[What the exercise asks]: Practice item. Set the material below down again exactly, with no pictures.

[Information shown]:
____

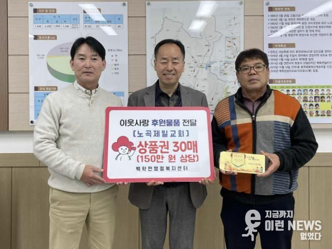 이런뉴스(e-runnews) 김삼성 기자 | 연천군 백학면 노곡제일교회는 지난 4일 백학면행정복지센터를 방문해 설 명절을 맞아 소외계층에게 전달해달라며 농촌사랑상품권 150만 원을 기탁했다.
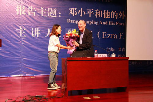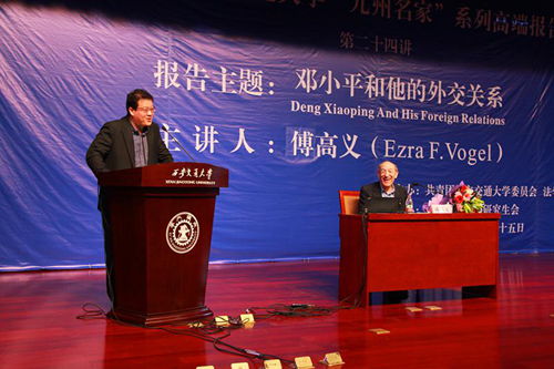 4月25日,由校团委和英国上市公司官网365共同主办的西安交通大学“九州名家”高端论坛专场报告会第二十四讲在主楼多功能报告厅举行,邀请美国哈佛大学亨利·福特二世社会学荣休教授、费正清东亚中心前主任、《邓小平时代》作者傅高义(Ezra F. Vogel)教授与英国上市公司365登录师生分享“邓小平和他的外交关系”。党委书记王建华出席报告会并为傅高义先生赠送纪念品。报告会由英国上市公司官网365王江雨教授主持。英国上市公司官网3652074、2113班党支部全体成员担任会务工作。
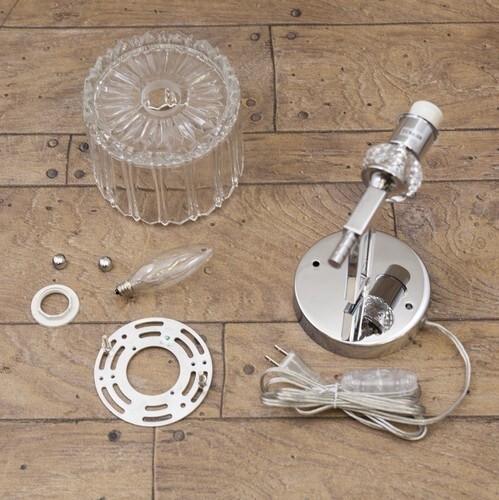| [本 体]約 W.15 x D.26 x H.22 cm [重 量]約 1.6 kg ■素材・成分: [素 材]アイアン、クリスタルガラス [付 属]E12 40W(水雷型) 白熱電球1個付き (最大40Wまで対応) |

____

[Answer to this task]:
 이런뉴스(e-runnews) 김삼성 기자 | 연천군 백학면 노곡제일교회는 지난 4일 백학면행정복지센터를 방문해 설 명절을 맞아 소외계층에게 전달해달라며 농촌사랑상품권 150만 원을 기탁했다.
 4月25日,由校团委和英国上市公司官网365共同主办的西安交通大学“九州名家”高端论坛专场报告会第二十四讲在主楼多功能报告厅举行,邀请美国哈佛大学亨利·福特二世社会学荣休教授、费正清东亚中心前主任、《邓小平时代》作者傅高义(Ezra F. Vogel)教授与英国上市公司365登录师生分享“邓小平和他的外交关系”。党委书记王建华出席报告会并为傅高义先生赠送纪念品。报告会由英国上市公司官网365王江雨教授主持。英国上市公司官网3652074、2113班党支部全体成员担任会务工作。
| [本 体]約 W.15 x D.26 x H.22 cm [重 量]約 1.6 kg ■素材・成分: [素 材]アイアン、クリスタルガラス [付 属]E12 40W(水雷型) 白熱電球1個付き (最大40Wまで対応) |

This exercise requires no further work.